The objective of earnest money is to show a seller that you’re entering this transaction in good faith. Earnest money you might also hear referred to as an escrow deposit. Earnest money or an escrow deposit is an amount of money that you, if you’re a buyer, put into an escrow account only after a seller accepts your offer. Another way to look at earnest money is as if it’s a security deposit. An earnest money deposit is not a good-faith deposit. Under some circumstances, your earnest money might be refundable. What your earnest money does is allow you a specific amount of time to get your mortgage financing in order and go through any other steps in the buying process, like inspections and appraisals. Earnest money is usually calculated as either a fixed amount or a percentage. Which one you’d pay depends mainly on the market where you’re buying.
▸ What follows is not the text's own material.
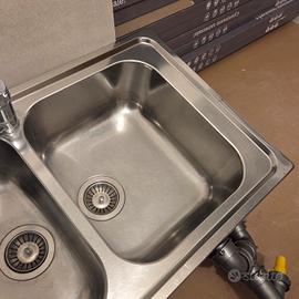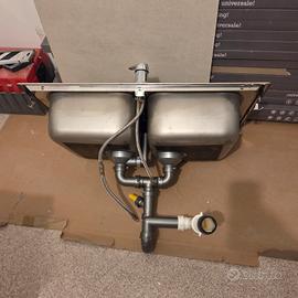 Lavabo doppio in inox misure 86x50. In buone condizioni. Completo di rubinetto, tubi di mandata e di scarico

If you’re in a competitive market, earnest money deposits are a good way to set your offer apart. If you can put forth a bigger earnest money deposit, you’re signaling that you might be a safer buyer. If you can put that money up early on, the seller might feel you’re more financially stable, so they can worry less about something causing the sale to fall apart at the last minute.
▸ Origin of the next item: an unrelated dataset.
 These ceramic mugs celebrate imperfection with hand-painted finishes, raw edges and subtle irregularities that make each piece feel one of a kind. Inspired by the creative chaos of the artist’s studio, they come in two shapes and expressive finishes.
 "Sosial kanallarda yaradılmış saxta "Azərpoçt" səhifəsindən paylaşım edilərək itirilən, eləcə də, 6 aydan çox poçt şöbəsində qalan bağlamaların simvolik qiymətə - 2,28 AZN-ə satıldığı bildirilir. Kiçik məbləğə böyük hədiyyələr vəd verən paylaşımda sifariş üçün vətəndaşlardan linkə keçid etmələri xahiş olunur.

If you make it to loan closing, then your earnest money deposit goes toward your down payment. If you don’t make it to closing, you may lose your earnest money. To guarantee you get it back, you should have contingencies in place to protect the deposit, like a home inspection or appraisal contingency.
What’s a Down Payment?
A down payment is something that, as a buyer, you can put toward the purchase of a home. The seller receives it, and then the rest of the home's purchase price comes from your mortgage. Lenders require down payment minimums. The minimum required amount is typically determined by the type of loan you are getting. In some cases, it could be zero down. The larger the down payment you can make the lower your mortgage payment will be. It could also affect the mortgage rate you receive. If your down payment is less than 20%, your lender will probably require you to buy private mortgage insurance or PMI. PMI is a way for your lender to protect itself if you default on your loan.
Key Takeaways
Both earnest money and a down payment are essential parts of buying a house. Earnest money can sometimes be returned if the transaction doesn’t go through if you have contingencies. In some cases, a seller will get to keep your earnest money if you don’t go through with the purchase. A buyer and seller can usually negotiate on earnest money, and it can be anywhere from 1% to 2% of the purchase price, up to 10% in very hot markets. A lender requires a down payment as part of your mortgage, and you don’t negotiate it with your seller.